Do you need to trigger actions? Such as sending notifications or updating external systems based on validation results.
What Data Context do you need? Ephemeral for stateless validations, or persistent to track results over time.

Scenario	Recommended operator
Data already in memory as Pandas or Spark DataFrame	`GXValidateDataFrameOperator`
Data in a database, warehouse, or file system	`GXValidateBatchOperator`
Need to trigger Slack notifications, emails, or other actions	`GXValidateCheckpointOperator`
Want full GX Core features with ValidationDefinitions	`GXValidateCheckpointOperator`

See Orchestrate Great Expectations with Airflow to learn how to use these operators in your Dag.

dbt tests

If you use dbt with Airflow via Cosmos, leverage dbt’s built-in testing framework:

Schema tests: unique, not_null, accepted_values, relationships.
Custom tests: SQL-based assertions for business-specific validation.

See Orchestrate dbt Core with Airflow for integration patterns.

Soda Core

Run Soda checks via @task.bash:

1 @task.bash
2 def soda_scan():
3     return "soda scan -d snowflake -c soda_config.yml checks.yml"

Quick reference

Approach	Best for	Trade-offs
`SQLColumnCheckOperator`	Column-level validation (null, unique, min/max)	Requires code changes
`SQLTableCheckOperator`	Business rules, aggregations	Requires code changes
`SQLValueCheckOperator`	Compare to expected value with tolerance	Simple comparisons only
`SQLIntervalCheckOperator`	Compare to historical data	Requires consistent history
`SQLThresholdCheckOperator`	Min/max bounds validation	Simple bounds only
`SQLCheckOperator`	Complex multi-table queries	Most flexible, most verbose
Observe table monitors	Common patterns, no code	Scheduled only
Observe custom SQL	Business rules, event-driven	Snowflake only (for now)
`GXValidateDataFrameOperator`	In-memory DataFrame validation	Requires data in memory
`GXValidateBatchOperator`	Database/file validation via BatchDefinition	More setup than DataFrame
`GXValidateCheckpointOperator`	Full GX features with actions	Most configuration required
dbt tests	Model-layer validation	Requires dbt
Soda Core	Declarative YAML-based checks	Additional tool

Conclusion

Data quality is a continuous practice that evolves with your data ecosystem.

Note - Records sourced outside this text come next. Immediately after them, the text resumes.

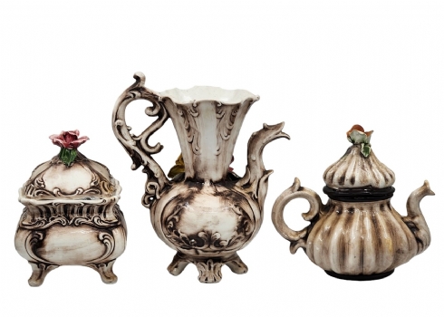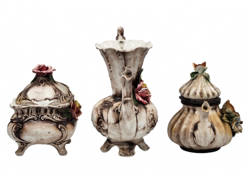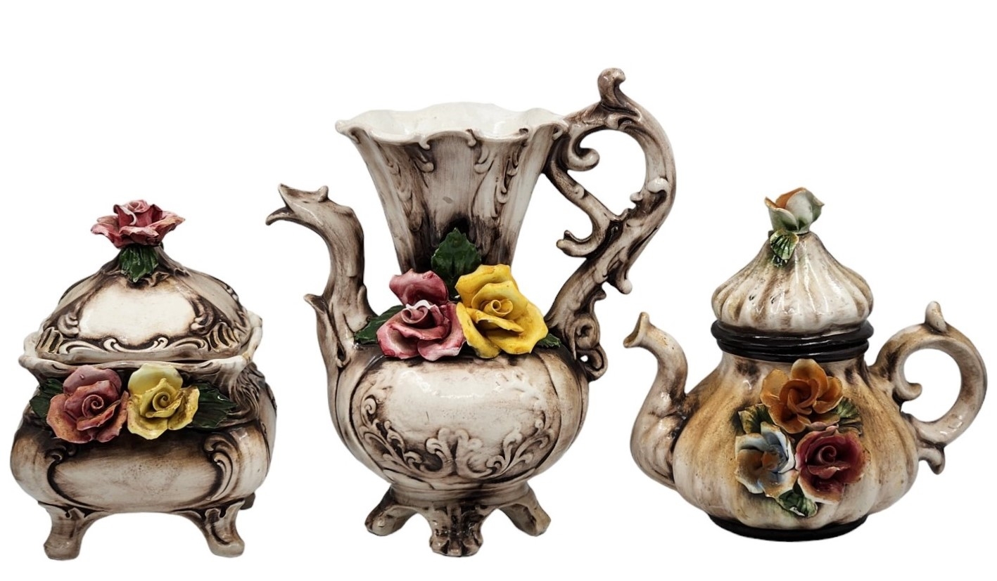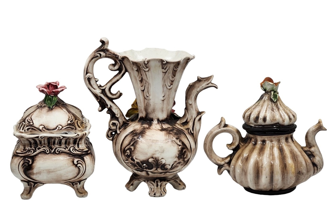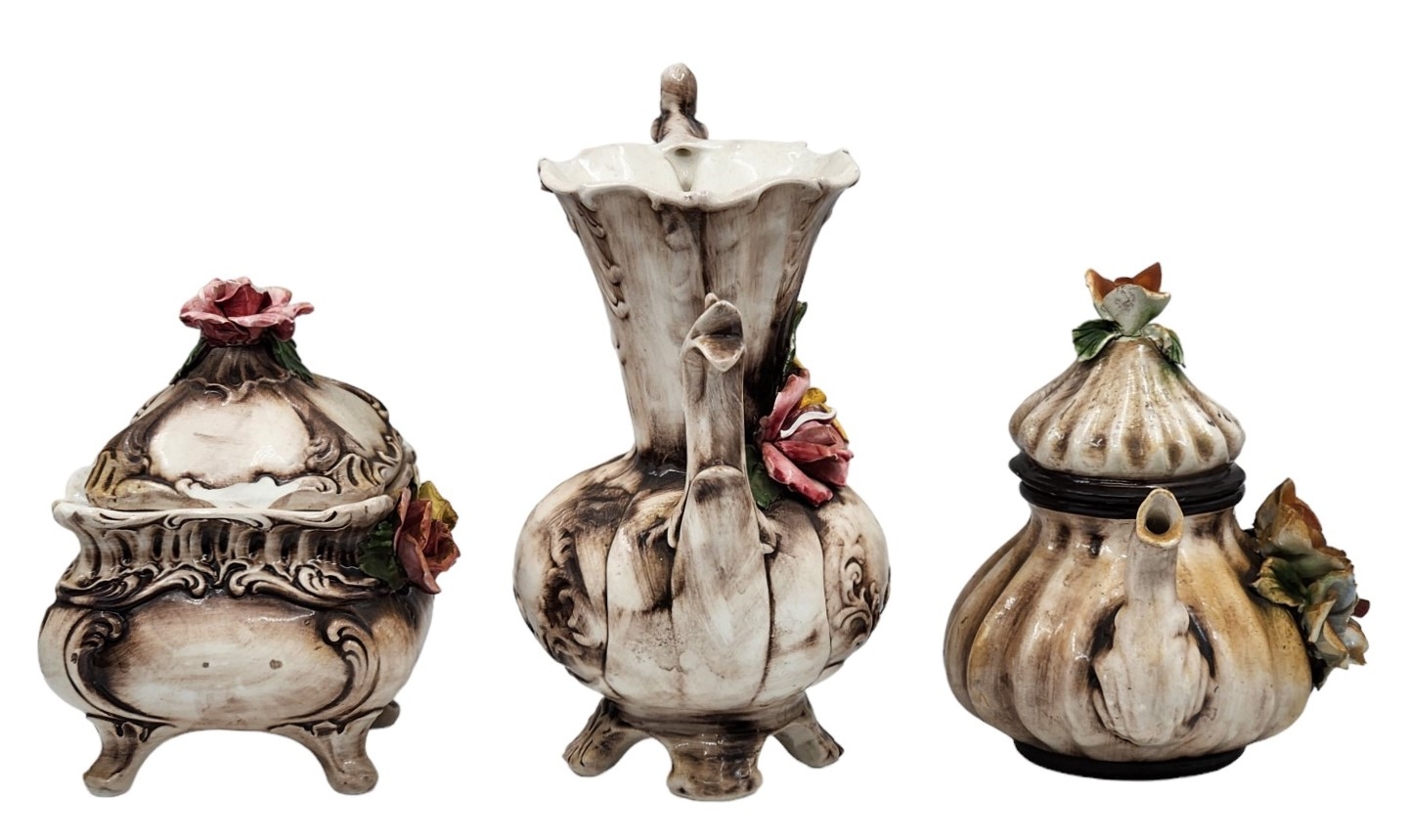 לוט של 3 כלי חרס איטלקיים ישנים, תוצרת 'קאפו דימונטה' (Capodimonte), מעוטרים בפרחים מפוסלים צבועים ביד, לא חתומים (פגמים קלים לעלי הכותרת ולאחד המכסים- מצולמים), רוחב הקומקום כולל הזרבובית: 24 ס"מ, גובה הקנקן: 33 ס"מ.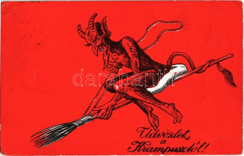 1933 Üdvözlet a Krampusztól! / Krampus greeting art postcard with Krampus flying on a broomstick (szakadás / tear)<a href="https://www.darabanth.com/hu/gyorsarveres/413/kategoriak~Kepeslapok/Krampusz~2000071/1933-Udvozlet-a-Krampusztol-Krampus-greet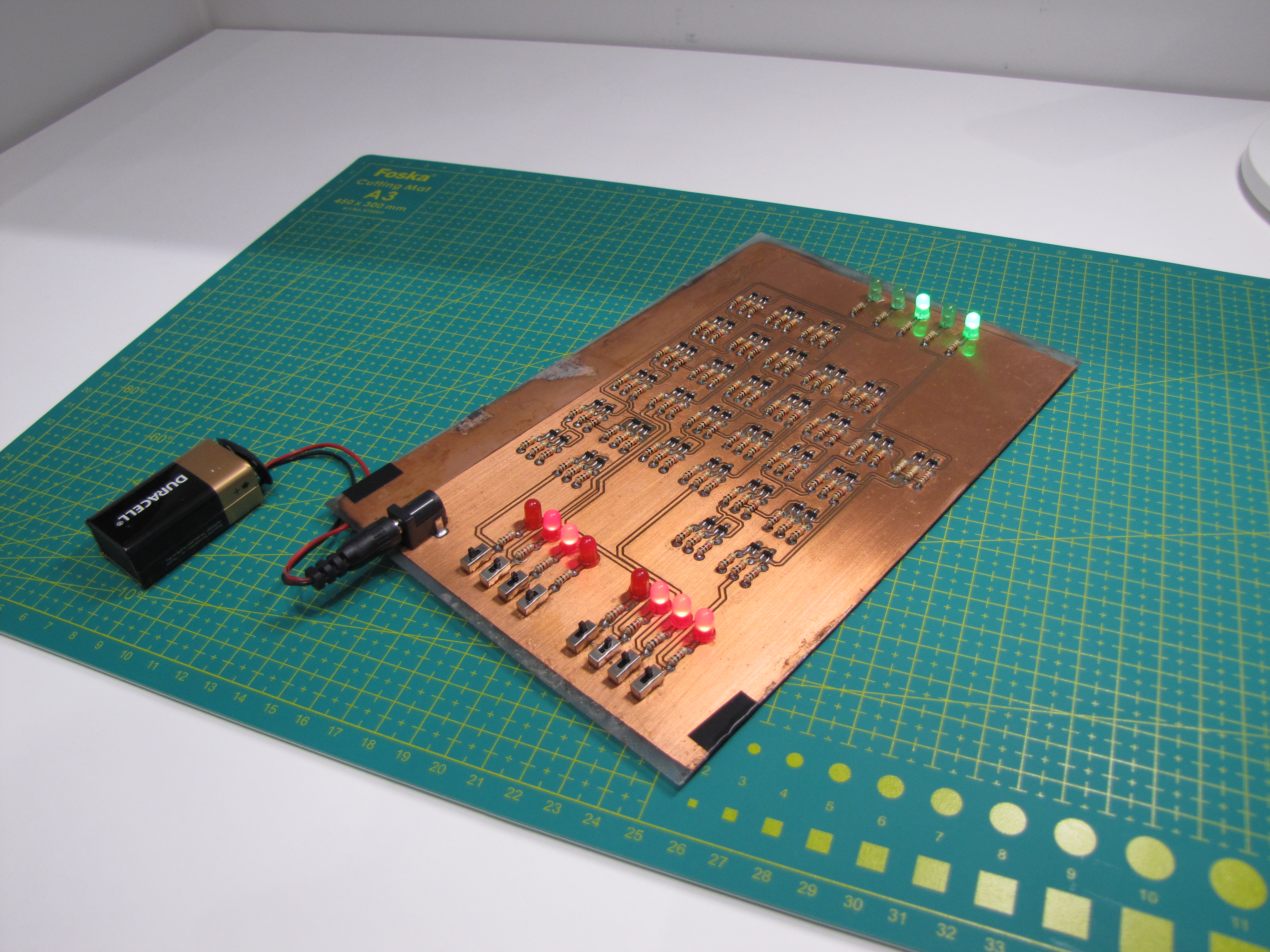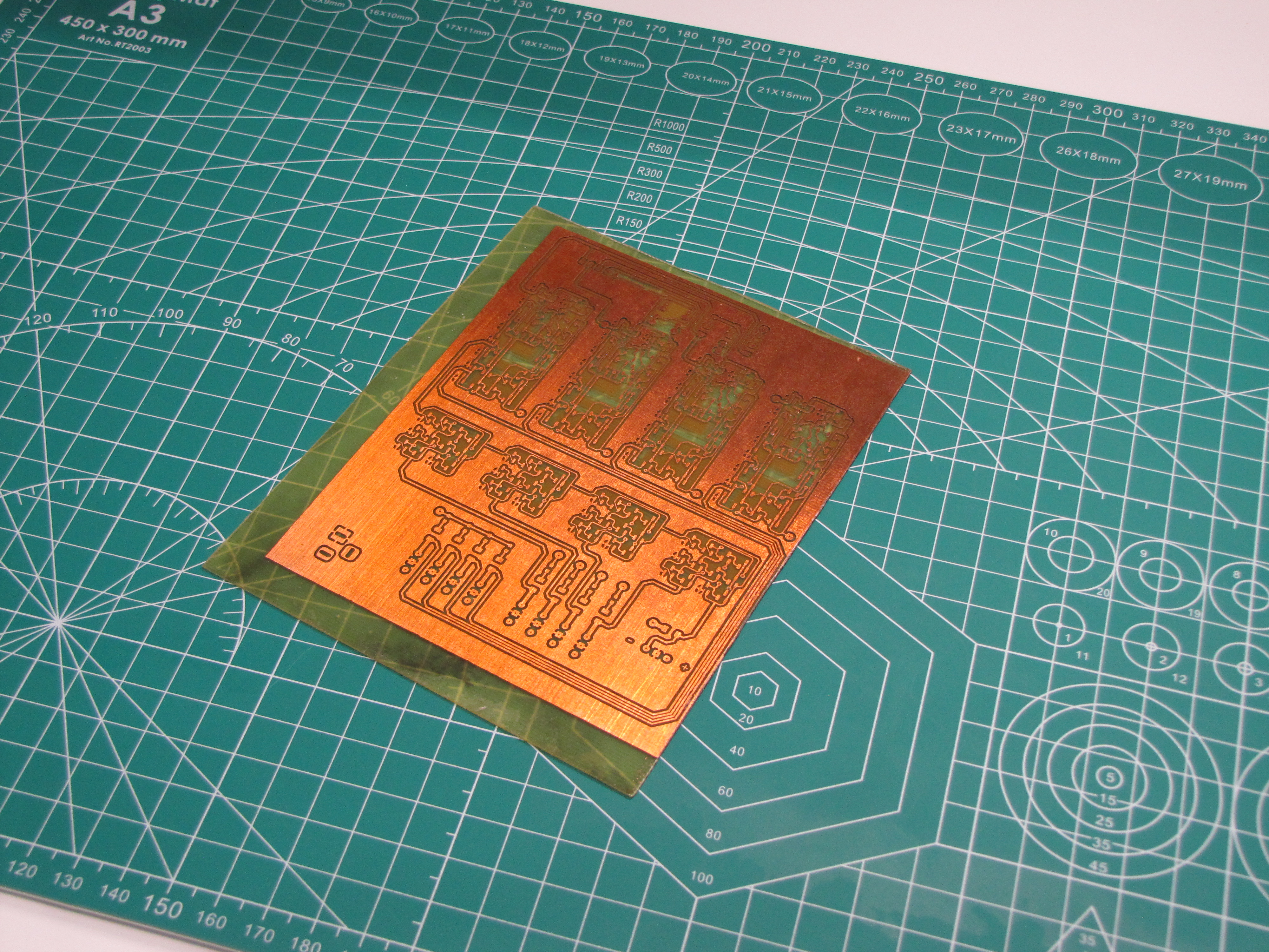Проектът е реализиран на двуслойна печатна платка, ецната в домашни условия.

Dag-level checks give you precise control within your pipelines, catching issues before bad data propagates downstream.

Platform-level checks with Astro Observe extend that coverage beyond your Dags, monitoring data the moment it lands, tracing issues through table-level lineage, and providing the full context needed to assess impact and resolve problems fast.

The most resilient data teams use both. Dag-level SQL check operators for your critical validations, then layer on platform-level monitors in Astro Observe for broader coverage, event-driven checks, and the observability context that connects data quality to your entire DataOps ecosystem.